Следующие семь депутатов искали в словаре каждое слово из этой фразы. В результате получилось: «Имеющий касательство к чему-нибудь, предлог, обозначающий направление в сторону чего-нибудь, владению землей на правах частной собственности, одиночный или повторяющийся союз, соединяющий однородные члены предложения, а также части сложносочиненного предложения, обработке земли с целью выращивания сельскохозяйственных растений сведенные в одно целое и расположенные в известном порядке сведения, материалы, тексты постановлений государственной власти, нормативных актов, принятых государственной властью, установленных государственной властью общеобязательных правил». Чтобы составить это предложение потребовалось минут десять, не меньше, после чего начали искать в словаре каждое новое слово из полученных.
Я наклонился к своему соседу (на нем был желтый галстук… что это означало? Кажется, демократ. Точно, я в этом уверен) и сказал:
– Думаю, было бы гораздо удобнее, если бы у всех были словари.

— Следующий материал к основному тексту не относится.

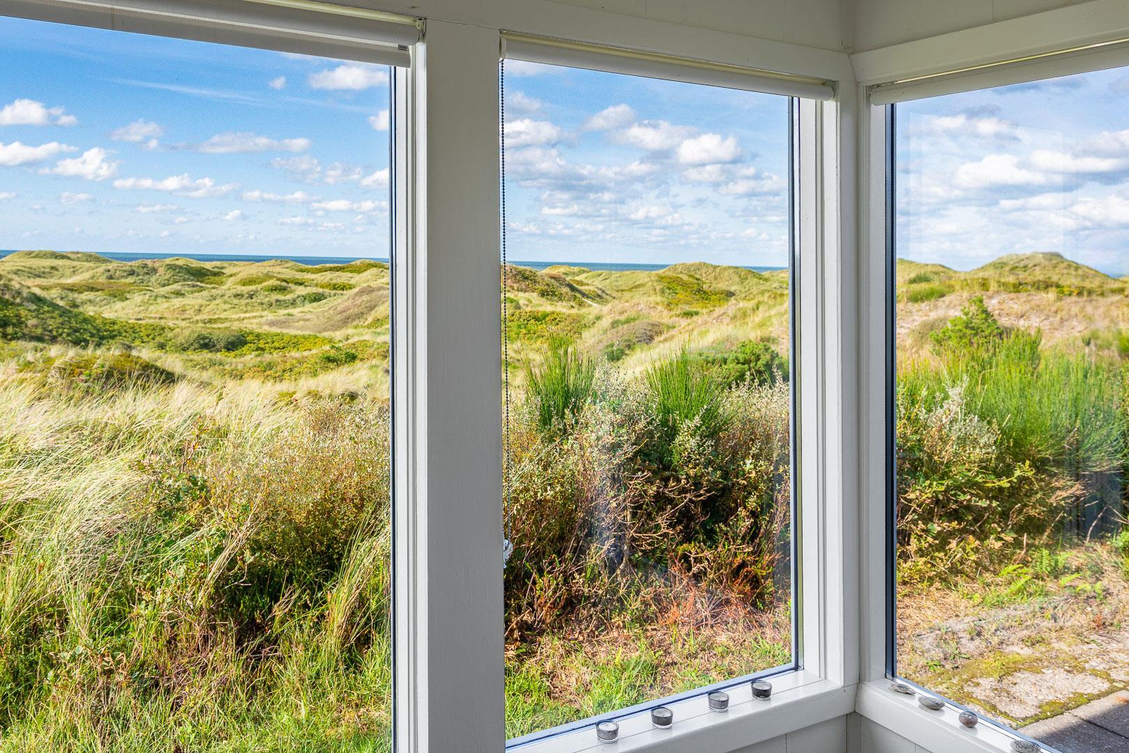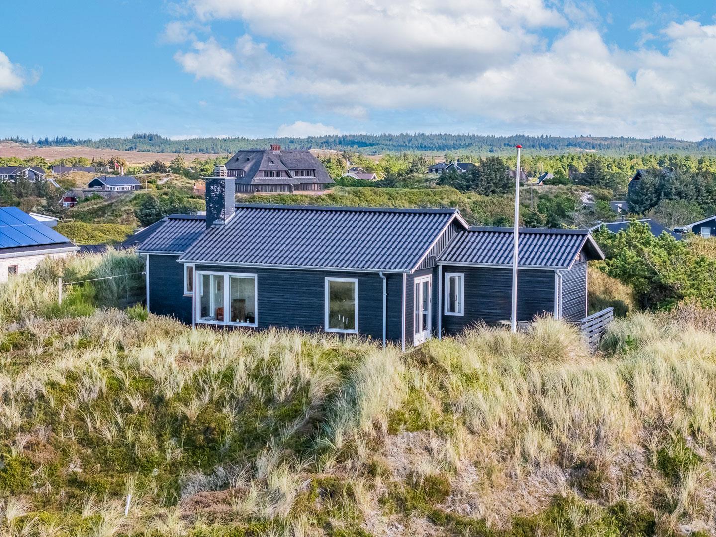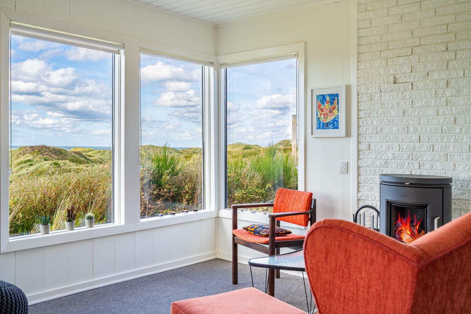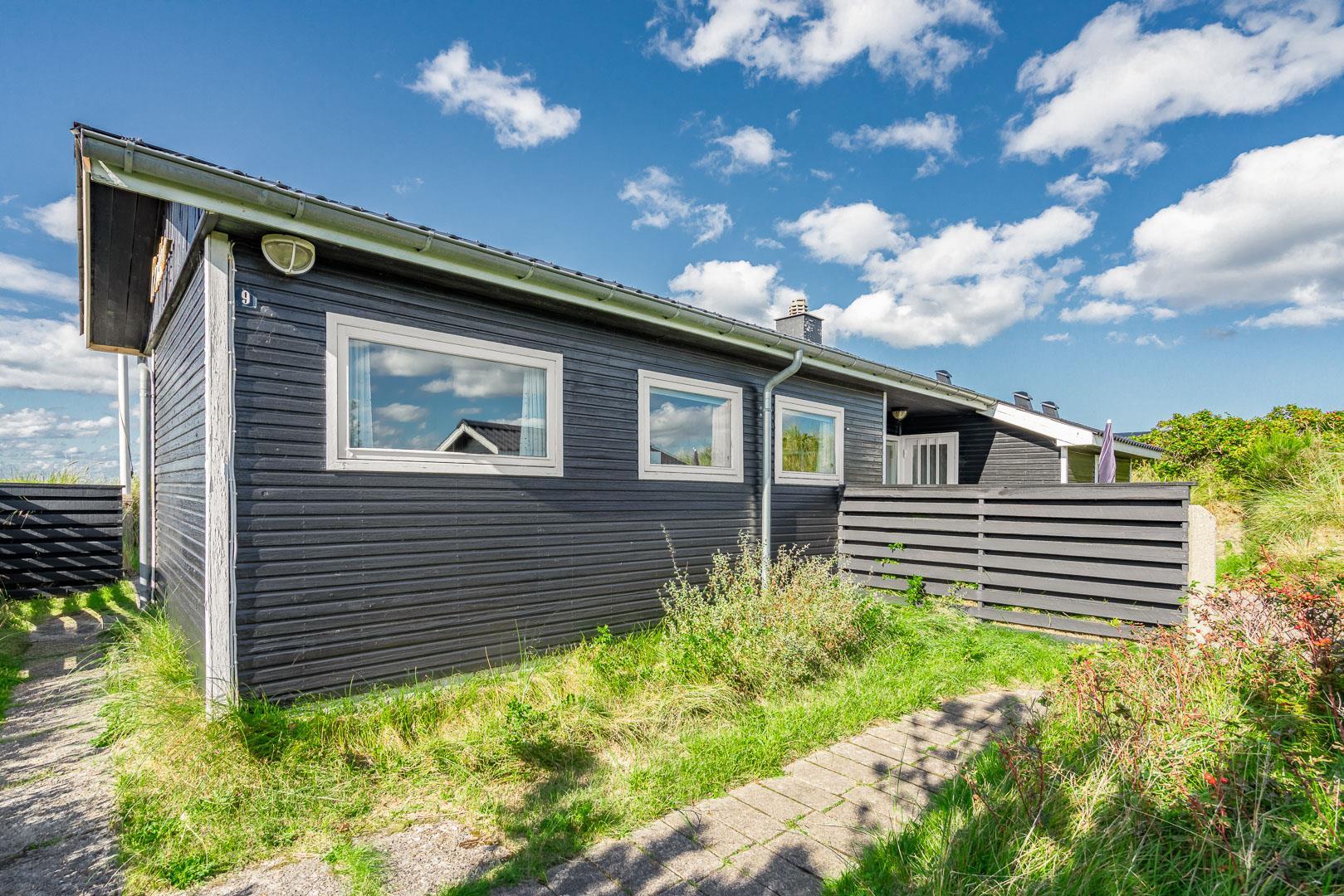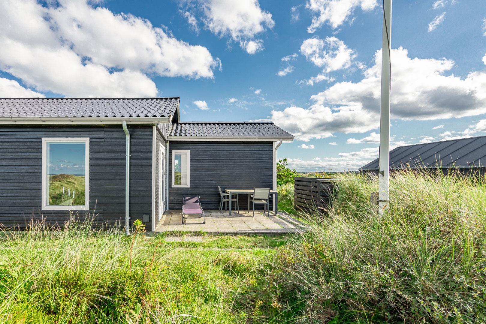 Charmerende feriehus med havudsigt beliggende på en pragtfuld og højtliggende klitgrund i forreste klitrække ved Henne Strand. Huset er løbende blevet moderniseret så alt fremstår lyst og venligt. Hyggelig stue som er indrettet med god stil og gode møbler. Stuen har store vinduer, så udsigten til havet og det pragtfulde klitlandskab kan nydes i fulde drag. Et soverum med gode enkeltsenge og skabe. Veludstyret køkken med opvaskemaskine og mikroovn. Der er også fra køkkenvinduet flot udsigt over klitlandskabet. Badeværelse med bruser, separat toilet. Der er flere dejlige og helt ugenerede terrasser omkring huset. Et fantastisk og super hyggeligt feriehus til 2 personer. Depotrum på terrassen er privat.

– Да, конечно, – он энергично закивал в ответ, и вдруг голова его отвалилась и покатилась по полу. Никакой крови при этом не было. Я не мог вымолвить ни слова от удивления, но, между тем, удивлен я был вовсе не тому, что увидел отвалившуюся голову, ибо уже знал, что это галлюцинация (в то время, когда еще пребывал в лечебнице, я как-то целый день мучился от такого странного видения – мне казалось, что у каждого санитара отваливалась голова, если я только пытался с ним заговаривать), – гораздо более меня заботило то, что мой мозг снова посещали эти опасные видения, они были громом среди ясного неба. По всей видимости, я так и не вылечился в психбольнице. Получалось, что и обмен носами, который я увидел раньше, также являлся галлюцинацией. Остановившись в двух метрах от хозяина, голова сказала:
– Но государственный бюджет, который был принят в этом году, не рассчитан на развитие образования в стране. Школам не хватает учебников, а Государственной Думе – словарей. Ведь для нас это все равно, что учебник, вы же видите. Получилось купить только один, мы им очень дорожим.
– Выходит, мы сами роем себе могилу?
– Разумеется! И не только мы.
– Но кто еще?
– Да все русские, – с этими словами голова какими-то внутренними мышцами или, быть может, извилинами снова заставила себя катиться по полу, на этот раз уже в направлении хозяина. Я решил помочь ей, поднял и водрузил обратно на плечи демократа.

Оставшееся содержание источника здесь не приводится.